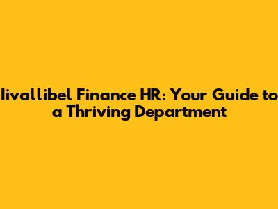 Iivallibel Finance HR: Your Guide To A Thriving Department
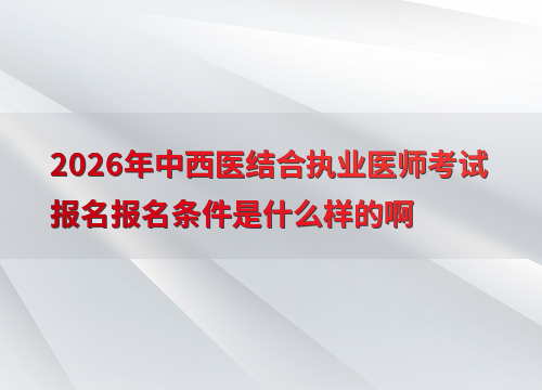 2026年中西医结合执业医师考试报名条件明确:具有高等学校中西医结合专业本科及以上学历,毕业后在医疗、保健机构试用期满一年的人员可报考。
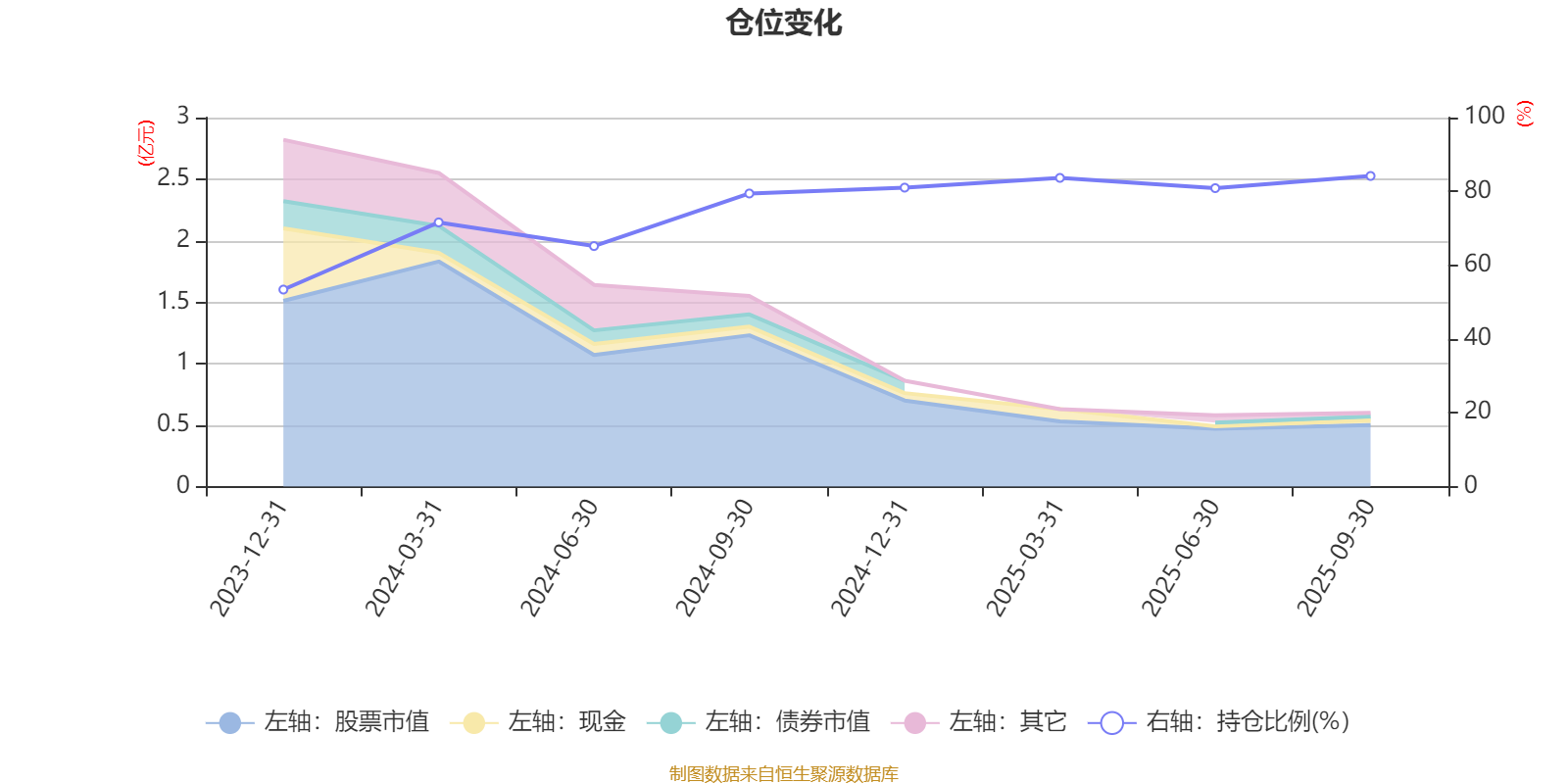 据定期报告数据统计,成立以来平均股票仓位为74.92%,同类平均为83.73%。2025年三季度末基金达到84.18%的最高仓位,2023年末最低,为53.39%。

----------

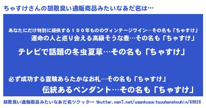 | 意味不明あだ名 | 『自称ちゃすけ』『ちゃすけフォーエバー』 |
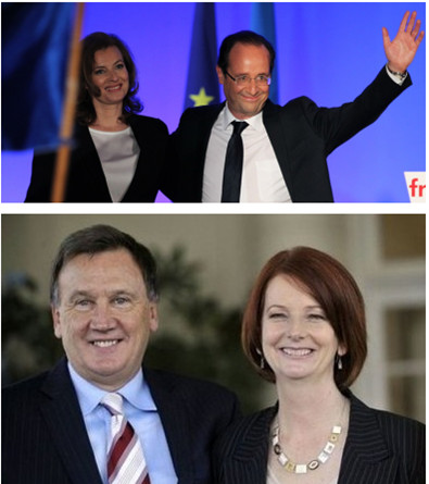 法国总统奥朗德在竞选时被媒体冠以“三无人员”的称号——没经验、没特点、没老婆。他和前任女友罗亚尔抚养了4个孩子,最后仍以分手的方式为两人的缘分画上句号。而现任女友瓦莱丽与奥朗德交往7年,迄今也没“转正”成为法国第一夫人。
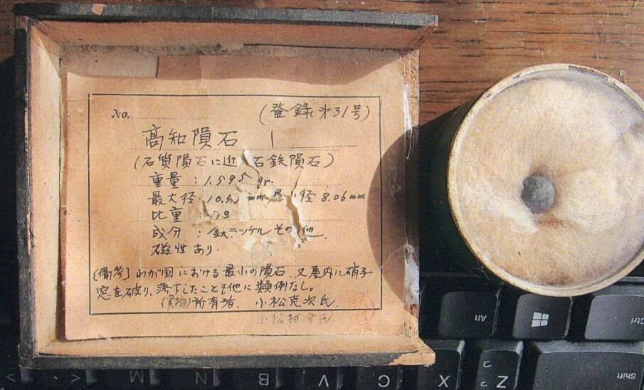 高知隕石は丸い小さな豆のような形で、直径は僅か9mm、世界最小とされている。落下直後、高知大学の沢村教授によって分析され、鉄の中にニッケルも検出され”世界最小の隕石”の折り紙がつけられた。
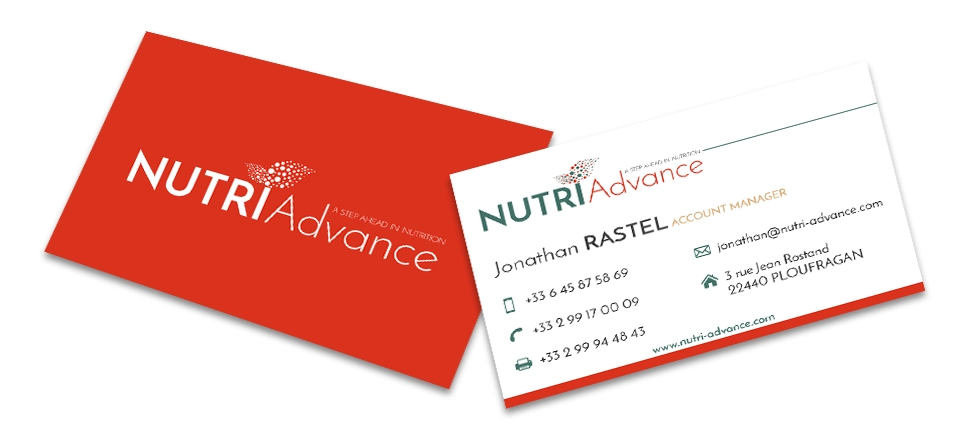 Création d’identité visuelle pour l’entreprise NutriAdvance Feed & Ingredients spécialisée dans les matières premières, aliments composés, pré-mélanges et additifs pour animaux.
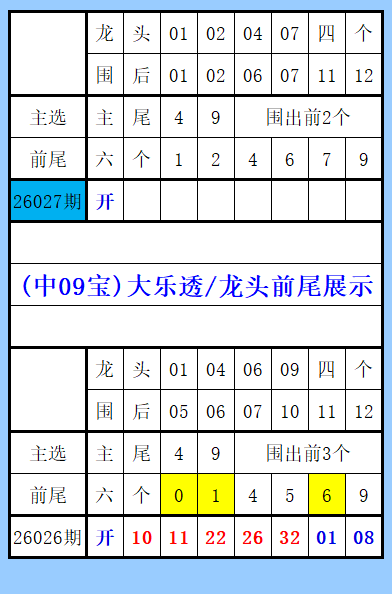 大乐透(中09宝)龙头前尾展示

----------

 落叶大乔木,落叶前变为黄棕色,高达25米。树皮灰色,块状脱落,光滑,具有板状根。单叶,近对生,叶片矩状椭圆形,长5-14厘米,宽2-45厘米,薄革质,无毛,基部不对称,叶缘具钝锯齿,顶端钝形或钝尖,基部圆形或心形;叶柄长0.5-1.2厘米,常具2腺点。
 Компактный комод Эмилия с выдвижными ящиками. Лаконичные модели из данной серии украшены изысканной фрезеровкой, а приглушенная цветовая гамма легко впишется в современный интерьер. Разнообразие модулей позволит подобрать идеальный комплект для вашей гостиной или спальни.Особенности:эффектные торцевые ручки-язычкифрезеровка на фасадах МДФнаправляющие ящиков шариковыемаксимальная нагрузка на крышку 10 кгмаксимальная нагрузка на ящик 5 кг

----------

Starting at the line above that contains "Création d’identité visuelle", transcribe every line exactly through the line that contains "大乐透(中09宝)龙头前尾展示", including that last one, and skip the pictures.

 Création d’identité visuelle pour l’entreprise NutriAdvance Feed & Ingredients spécialisée dans les matières premières, aliments composés, pré-mélanges et additifs pour animaux.
 大乐透(中09宝)龙头前尾展示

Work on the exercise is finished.